Poets, says Wakoski, must first have something to say before conveying it in the right way. Using the cosmos (moon, rings of Saturn, Magellanic clouds), history (George Washington, the King of Spain), personal experience (the motorcycle betrayal poems), and literary rivalries to create personal mythology in the style of William Butler Yeats, she carves out a territory that is strictly confined to herself CITATION Wak71 l 1033 (Wakoski). As a result, her themes of loss and acceptance, ugliness and beauty, identity loss, and growth are developed via mythology. Her ideas are dualistic and, more importantly, vulnerable to the poem’s resolve. In her mind, poetry helps her heal rather than splinter. It’s worth noting that the novel Coins and Coffins was written as a tribute to La Monte Young, her second husband and the father of her second child. A lost lover is introduced in this book, building her mythology in the process. “Justice Is Reason Enough” borrows from Yeats’ “Leda and the Swan” with its “vast shape and its pounding wings.” It’s the “shape” of her mythical twin brother, David, with whom she had incest, that is the focus of this poem. For the justice that “balances the beauty of the universe,” she mourns her brother, “dead by his hand.” Since the poem’s final line mentions beauty, the overall tone is acceptance and encouragement.
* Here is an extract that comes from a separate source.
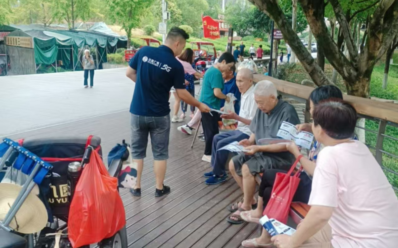 通信企业在逍遥广场悬挂横幅、发放手册,面对面讲解网络安全知识。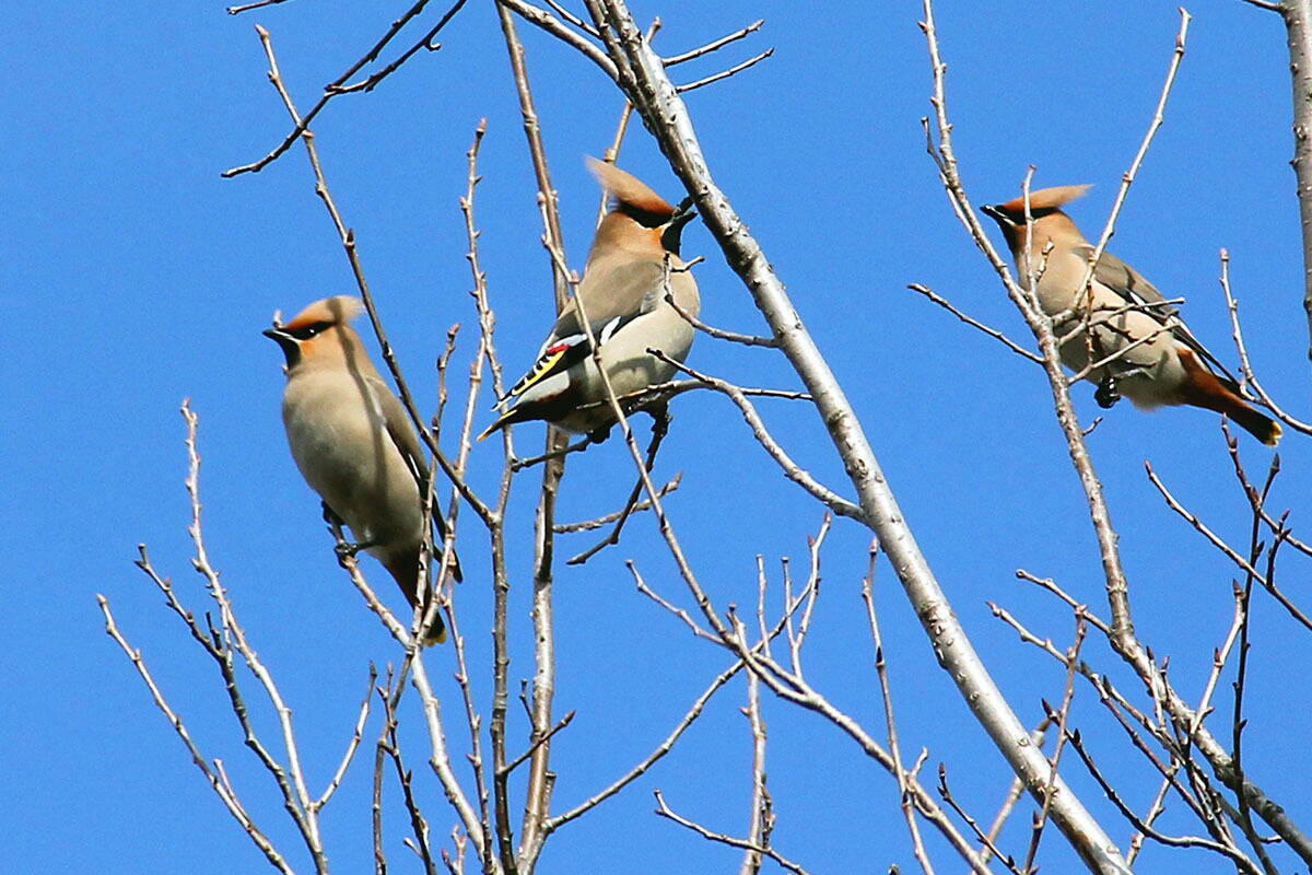 Стайка свиристелей в национальном парке "Гомільшанські ліси" у села Задонецкое 17-го марта.

Discrepancies and Apparitions also include “Follow That Stagecoach,” a poem that Wakoski considers one of her greatest and most characteristic writing pieces. With its classic sheriff and black rubber skin-diving suit-wearing speaker, Dry Gulch Hollow may seem to be situated in the Wild West. Still, it rapidly transforms into a river, and the macho Western sheriff transforms into a homosexual authority figure. “The sense of disguise is a/ rattlesnake,” the poem’s opening line, implies that the lover- sheriff, like a snake in the grass, puts on and takes off various disguises, including gender: “oh yes, you are putting on your skin-diving suit very fast running to the ocean and slipping away from this girl who carries a loaded gun.” It’s a reversal of roles as she assumes the power he does not have, carrying about a phallic pistol in place of his. “So I’ll write you a love poem if I want to,” the poem concludes, with its trademark self-assurance. Being from the West, I have no fear of my own shadow. Cleverly, the “shadow” refers to her second male personality; the lover is suggested to have rejected his completeness by rejecting the “shadow.”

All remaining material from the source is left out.